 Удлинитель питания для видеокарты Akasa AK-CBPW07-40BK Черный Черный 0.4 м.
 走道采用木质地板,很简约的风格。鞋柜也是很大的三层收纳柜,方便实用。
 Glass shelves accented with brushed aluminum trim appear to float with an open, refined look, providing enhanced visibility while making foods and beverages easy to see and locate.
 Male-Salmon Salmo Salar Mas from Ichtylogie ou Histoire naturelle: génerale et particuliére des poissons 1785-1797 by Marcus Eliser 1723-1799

··········

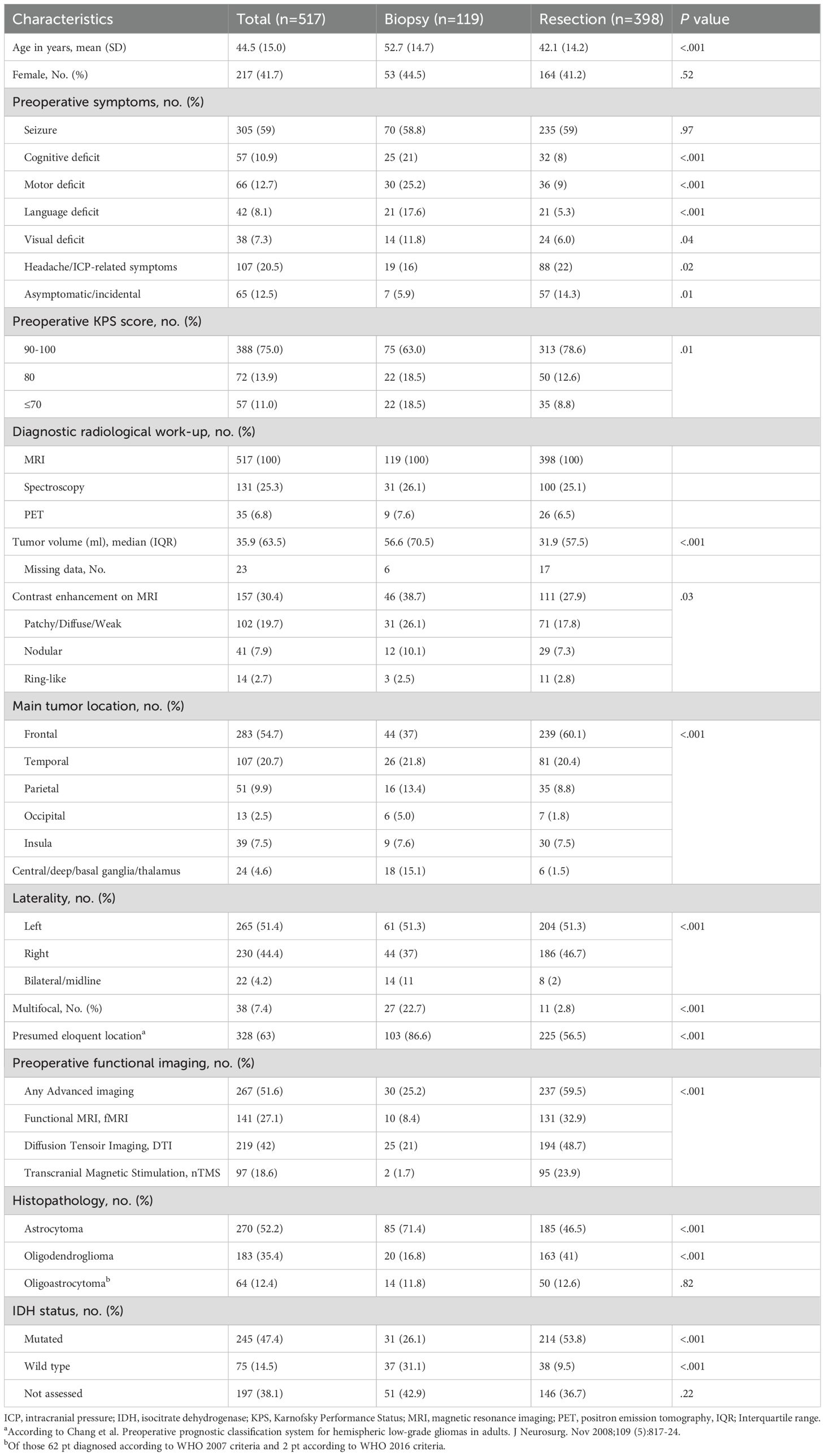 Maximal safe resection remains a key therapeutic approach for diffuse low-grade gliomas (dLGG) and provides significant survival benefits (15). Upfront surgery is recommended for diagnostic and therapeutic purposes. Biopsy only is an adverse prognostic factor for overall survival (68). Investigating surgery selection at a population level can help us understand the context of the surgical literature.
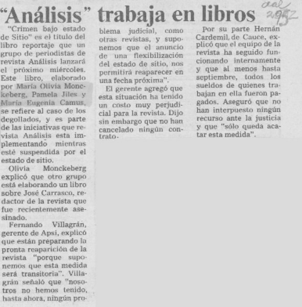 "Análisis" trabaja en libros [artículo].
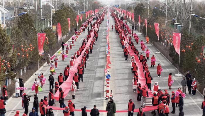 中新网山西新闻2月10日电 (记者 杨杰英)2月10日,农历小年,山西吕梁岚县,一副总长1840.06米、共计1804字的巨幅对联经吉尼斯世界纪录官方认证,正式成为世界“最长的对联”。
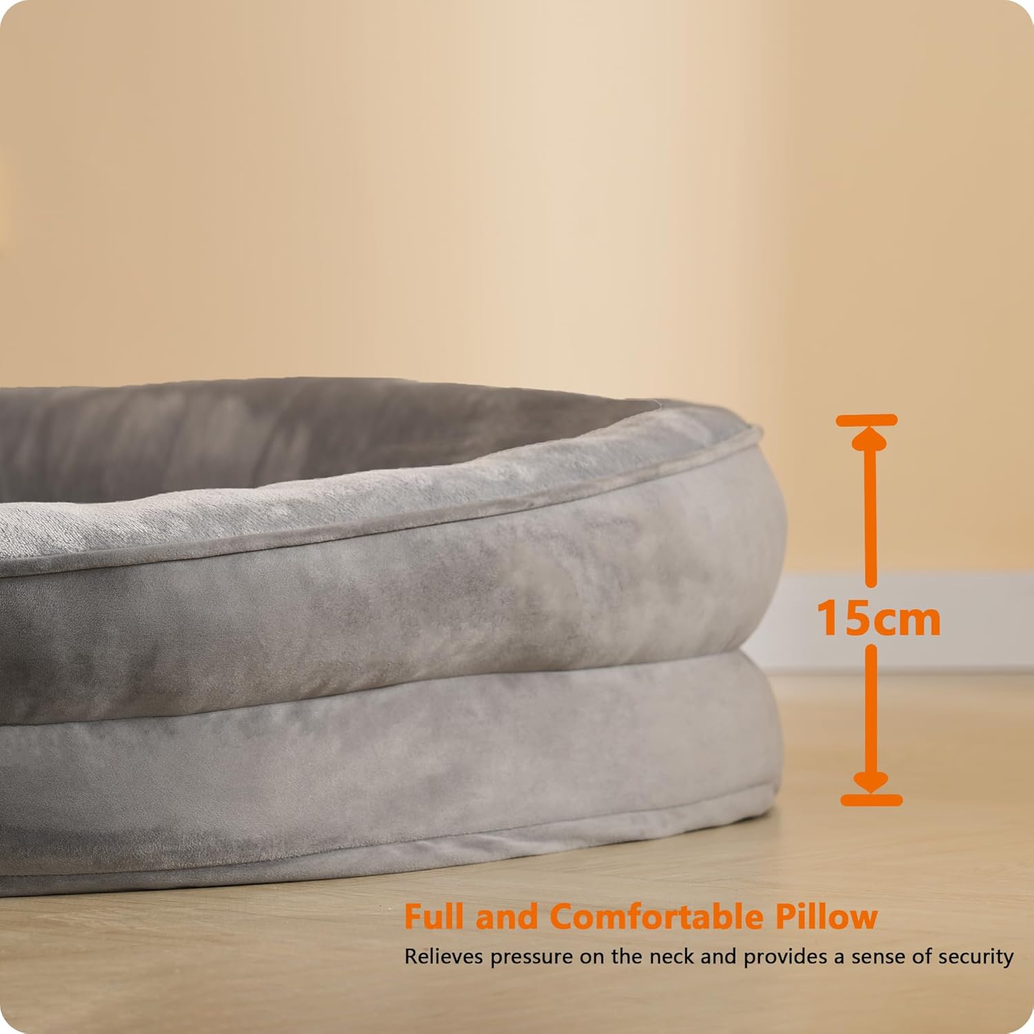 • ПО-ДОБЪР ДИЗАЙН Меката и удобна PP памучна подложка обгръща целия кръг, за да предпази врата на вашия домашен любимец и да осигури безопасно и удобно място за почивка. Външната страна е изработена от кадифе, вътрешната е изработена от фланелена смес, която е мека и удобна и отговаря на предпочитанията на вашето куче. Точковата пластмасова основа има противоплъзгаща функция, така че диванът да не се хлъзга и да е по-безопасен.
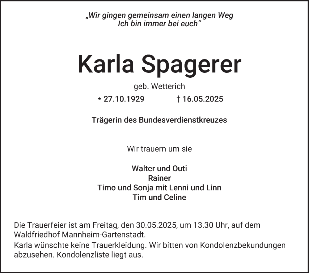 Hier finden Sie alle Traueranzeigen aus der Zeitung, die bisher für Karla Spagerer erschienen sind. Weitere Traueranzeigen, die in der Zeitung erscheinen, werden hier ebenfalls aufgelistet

··········

EXERCISE: Restate word for word the entries above from the line with "Glass shelves accented" through the line with "Male-Salmon Salmo Salar", inclusive, leaving out everything else.

RESULT OF THIS TASK:
 Glass shelves accented with brushed aluminum trim appear to float with an open, refined look, providing enhanced visibility while making foods and beverages easy to see and locate.
 Male-Salmon Salmo Salar Mas from Ichtylogie ou Histoire naturelle: génerale et particuliére des poissons 1785-1797 by Marcus Eliser 1723-1799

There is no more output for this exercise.